Task brief
There are pictures in the records below; leave them out and set down exactly the lines from the one holding "溶剤成分がガラス表面のしつこ" through the one holding "Garden is easily".
----- Supplied entries -----
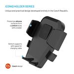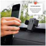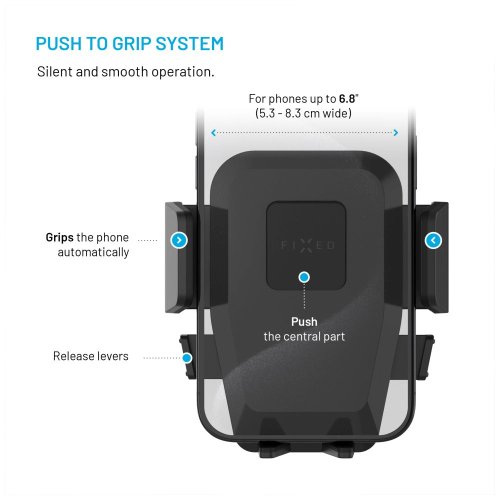 Držák je kompatibilní s telefony o šířce 5,3 až 8,3 cm. Díky rychloupínacímu systému Push and grip uchytíte telefon do držáku jednou rukou. Jen mobil lehce přitisknete na plochu držáku. Boční kleště se samy přizpůsobí vašemu telefonu. Jediným stiskem ho zase uvolníte. Mechanismus je tichý a plynulý.
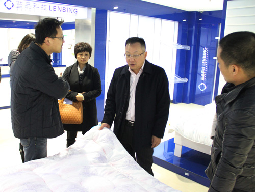 12月18日上午,中国家用纺织品行业协会会长杨兆华、秘书长朱晓红一行,来到江苏蓝品纤维科技发展有限公司,就公司新研制的功能性生态纤维系列产品的生产和推广问题进行视察和指导。公司总经理陆新生、副总经理何晓鸣陪同参观,并针对产品品牌化运作模式及如何提高产品附加值等相关问题进行讲解说明。
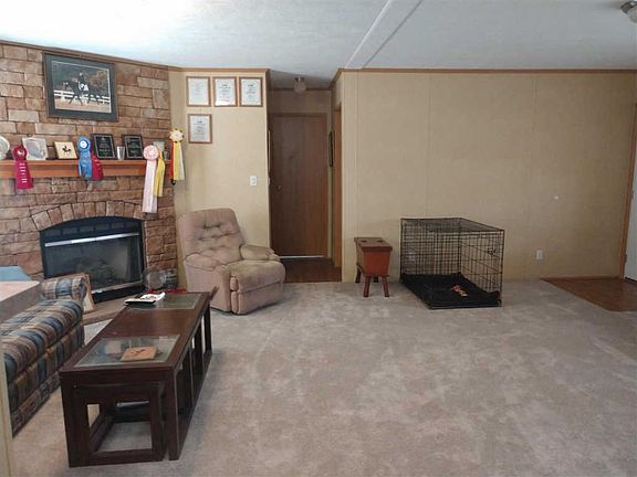 Affordable Horse Property that you've been looking for! 6.4 acres with 3 stall center isle barn, equipment shed and hay storage shed. All pastures fenced with with water, run-in shed has electricity, outlet and light, hay feeder with roof, 3 12x12 matted stalls, 12x16 tack/feed room, Aluminum Herringbone Fold Down top sliding doors and aluminum front stalls by Armour, hot water in barn, 72x200 arena. 3BR 2B split design home overlooks arena and pastures. Master bedroom has attached bath with soaking tub, shower, double vanities and walk-in closet. Living room has corner stone gas fireplace. Eat-in kitchen, all appliances convey. Additional 3.6 acre adjoining, mostly cleared lot can also be purchased to make a total of 10 acres for $35,000.
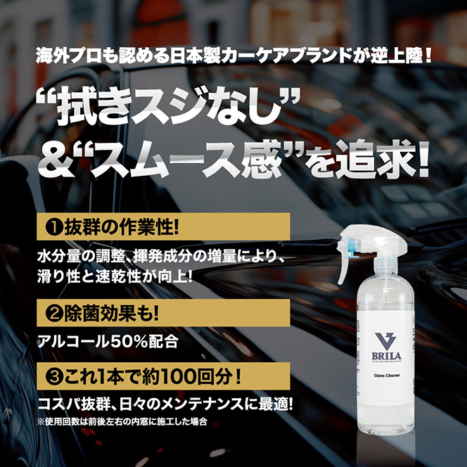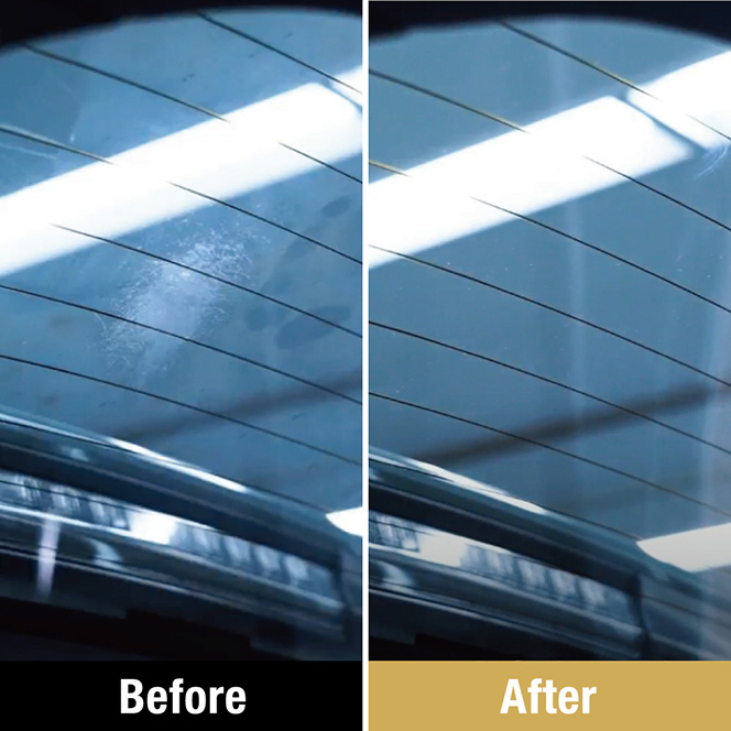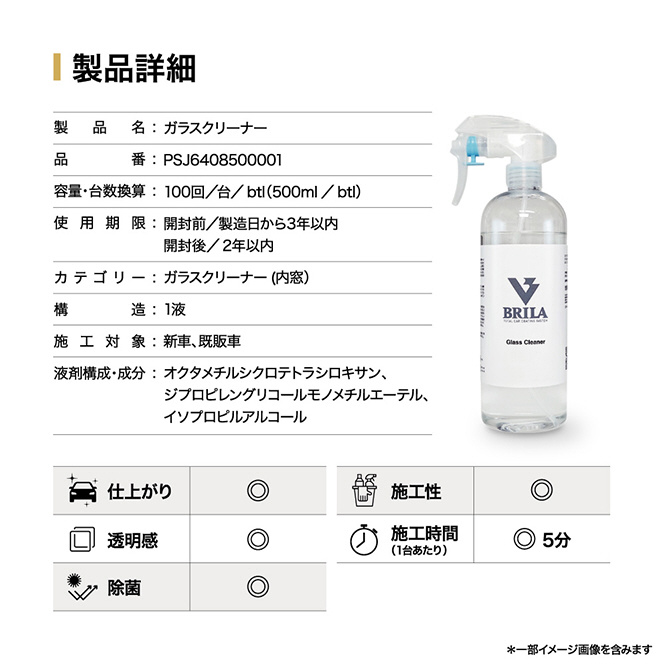 溶剤成分がガラス表面のしつこい汚れを溶解し、塗布・拭き上げ後の「透明感」を実現。
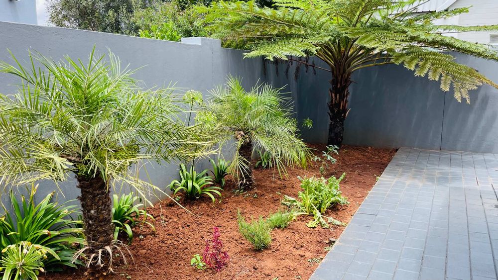 Garden is easily maintainable and water friendly. Aluminium window frames ease up on maintenance. More than enough parking space for guests and not to far from a park.
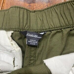 These Eddie Bauer Olive Green Chrino Pants are an excellent choice for versatile and comfortable wear. Made with an elastic waist for a perfect fit, the pre owned pants are in good condition and available in Women's size 32 x 30.
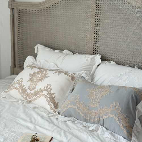 - 클래식 꽃바구니 자수 베개 커버 유럽 감성 수입 빈티지 프릴 침실 꾸미기 소품
-----
Problem solution
 溶剤成分がガラス表面のしつこい汚れを溶解し、塗布・拭き上げ後の「透明感」を実現。
 Garden is easily maintainable and water friendly. Aluminium window frames ease up on maintenance. More than enough parking space for guests and not to far from a park.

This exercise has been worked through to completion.